In closing, I emphasise that pairing cameras with traps adds an extra dimension revealing animal behaviour. Knowledge of animal behaviour around traps allows trapping strategies to be refined to make them more effective. Cameras may also reveal surprises, such as stealthy, hard to capture predators. With this knowledge, efforts can be directed to specifically target the trap-shy animals.
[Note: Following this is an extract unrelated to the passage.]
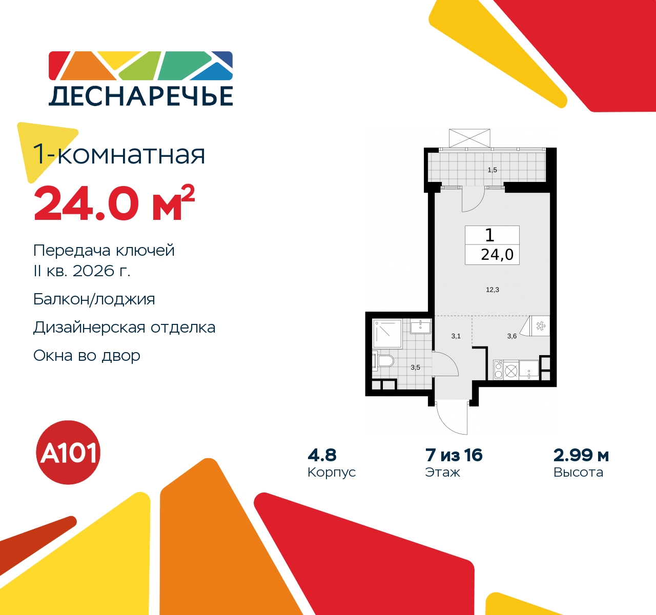 Продается однокомнатная квартира-студия с отделкой в ЖК "Деснаречье" на 7 этаже. Общая площадь: 24 кв.м., площадь гостиной 15.9 кв.м., из которых 3.6 кв.м. выделено под кухонную зону. Все окна выходят на одну сторону. В квартире один балкон, один совмещенный санузел. Высота потолков 2.99 м. Эта квартира будет сдана с дизайнеркой отделкой "под ключ". Специально для вас мы разработали несколько решений дизайнерской отделки. В отделке используются только современный высококлассные материалы, на все работы предоставляется гарантия. В таком случае вы оплачиваете отделку в сегодняшних ценах, а эту стоимость вы можете разнести в ипотечных платежах. Дом монолитный, многоподъездный, переменной этажности, от 7 до 16 этажей. Квартира находится в 3-й секции высотой 7 этажей в корпусе 4.8. На этаже 5 квартир. В подъезде 1 грузовой лифт. Начало строительства - 3 квартал 2023 года. Окончание строительства - 2 квартал 2026 года. Оформление сделки по договору долевого участия. Артикул квартиры по базе застройщика 88К-4.8-1888. ПРЕДЛОЖЕНИЯ ОТ ЗАСТРОЙЩИКА В ОКТЯБРЕ 2025: Ипотека от 13,9 % для всех! На весь срок. "Семейная ипотека" вернулась. Ставка от 3,5 % на весь срок! Без удорожания! Выгодное ипотечное комбо: Ипотека от 2200 р./мес. и от 6 % после рождения ребёнка! Ипотека для всех "Держи пять!" - ставка 5 % на 2 года! *более подробную информацию по скидкам и акциям уточняйте в отделе продаж Масштабный проект "Деснаречье" на юго-западе Москвы, который включает три новых района («квартала»), объединённые общей идеей – воплотить в реальность мечты современных жителей столицы об интересном, комфортном и разноплановом городском пространстве в окружении рек и лесов, словно сошедших с полотен русских живописцев: - «Берег» оценят все, кому близка водная стихия: плеск волн, солнечные блики и прогулки вдоль тихого течения речи. - «Лес» утопает в зелени парков и лесов. Здесь соблюдён идеальный баланс загородного спокойствия и столичного комфорта. - «Парк», самый энергичный и яркий, отличается высокой концентрацией пространств для спорта и творчества. Жилой комплекс "Деснаречье" расположится в 12 км от МКАД по современному Калужскому шоссе. Внешний облик зданий соответствует современному стилю и стандартам, характерным и для других популярных проектов ГК «А101»: сочетание контрастных тонов, большое количество остекления, в котором отражается небо, гармония с природным окружением. Весь город - в вашем районе. Находиться на территории «15-минутного города» значит иметь всё необходимое для полноценной жизни в шаговой доступности. Маршруты в районе «Деснаречье» выстроены так, чтобы добраться до магазинов, парков, школ, салонов услуг и других объектов можно было всего за несколько минут пешком или на велосипеде. Двор закрытый от машин – это тишина, комфорт и безопасность, поэтому все машино-места (включая «семейные» и увеличенные, с возможностью установки роллетных шкафов) находятся в подземном паркинге. В паркинги можно спуститься на лифте из любого подъезда или по лестнице. Рядом с «Деснаречьем» в 2027 году планируется открытие станции метро «Десна», до которой будет удобно добраться пешком или на велосипеде. Дорога на автомобиле до перехватывающих парковок станций «Ольховая» и «Прокшино» займёт около 10 минут. В процессе реализации проекта будут появляться новые маршруты общественного транспорта по р

The collection and curation of data is very important for conservation efforts. Without data on catches it is impossible to develop metrics to index the success of trapping efforts. By pairing trapping catch data with environmental monitoring of bird song it is possible to determine whether neighbourhood trapping efforts are having the desired effect of improving the world for bird, one predator at a time.